For the person who has a personal relationship with God, there is a way to face threatening situations with little or no anxiety, and it is because of the
relationship we have with God. After becoming a child of God and learning about all the benefits of being His child, we begin to understand, then live in the awareness that we live under the protection of the God who created the universe, including our brains. There is nothing that can touch us or harm us without God’s awareness and permission. So, when we experience a threat or a series of threatening situations and begin to experience increasing anxiety, we have the invitation to replace anxiety with peace.

Here’s how: When we become aware that we are anxious, we are invited to talk with God about what we are experiencing, draw on God’s supply to meet our needs, request from God what we need, and thank God for hearing us, protecting us, and providing what we need. When we do this, God promises to keep our heart and our mind (emotions and thoughts) in a way that surpasses understanding.

Let us look at each instruction and promise one at a time:

First, when we become aware of our anxiety, God wants us to tell Him about the threats. Most little children when threatened run to their daddies. But some daddies cannot be bothered, are too busy to respond, or are uncomfortable if they cannot stop their child from crying. So, kids growing up in this kind of home learn to keep their troubles to themselves and just try to cope with the anxiety. But God always listens and hears our cries for help.

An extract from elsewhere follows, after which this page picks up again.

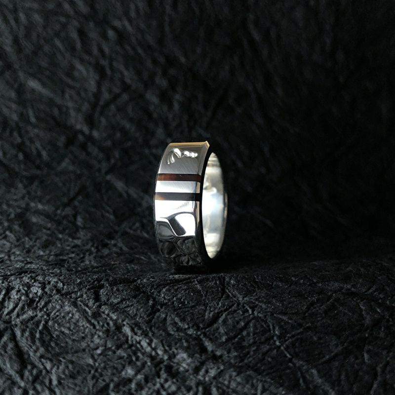 一つ一つ打ち出された鎚目のキラキラとした表情と、鏡面の艶やかな表情、2本の鼈甲の奥深い輝きが美しいリングです。

Secondly, God invites us to draw on His supplies to meet our needs. The promises are not that God will meet our whims or fantasies. God knows what is
good for us and what will make things worse and hurt us. As we get to know Him better, we begin to understand that He knows better than we know what is good for us.

Third, God wants us to actually request our needs because He wants us to come talk with Him, not just assume that since He knows everything He will be bothered by our requests. God actually delights in our requests.

Fourth, when we thank God even before He has met our need, we demonstrate our trust in Him, His goodness, and His generosity. Our confidence in God keeps growing as we keep trusting.

Fifth, God promises to keep our heart, the part of our brains that first responds to a threat we perceive. When our limbic system—the part of our brain that turns our emotions on and off—sounds an internal alarm and we remember that God is our protector (we may not even understand how), God reminds us of His presence and His peace which surpass our fear.

Sixth, God promises to keep our mind, the part of our brains that responds in thought. We might want to respond with magical, wishful thinking or denial, but if we listen, God’s Spirit in us reminds us that God knows what is happening and loves us too much to let something happen to us without His presence.

These instructions and promises are found in Philippians 4:6-7. Another passage assures us that if God is for us, who can stand against us? This is a quote from Romans 8:31.

Parent-Teacher Connection

For Family Discussion

In this week’s lesson, I taught your son or daughter a 4-step process to manage their body’s reactions to threat. Threats might include an impending exam, being bullied, being rejected by a girlfriend or boyfriend, dad or mom talking about taking a mobile phone or other device away, being ostracized by his or her friends, and many more possibilities.

Our lesson was about how to interrupt a reaction and replace it with a thoughtful response.

Please ask you son or daughter to teach you the 4-step process. Doing so will inform you and reinforce what your teenager learned in class. Then, as you practice this process together, you will, in time, notice a reduction in anxiety, and you will experience more peace and civility in your home.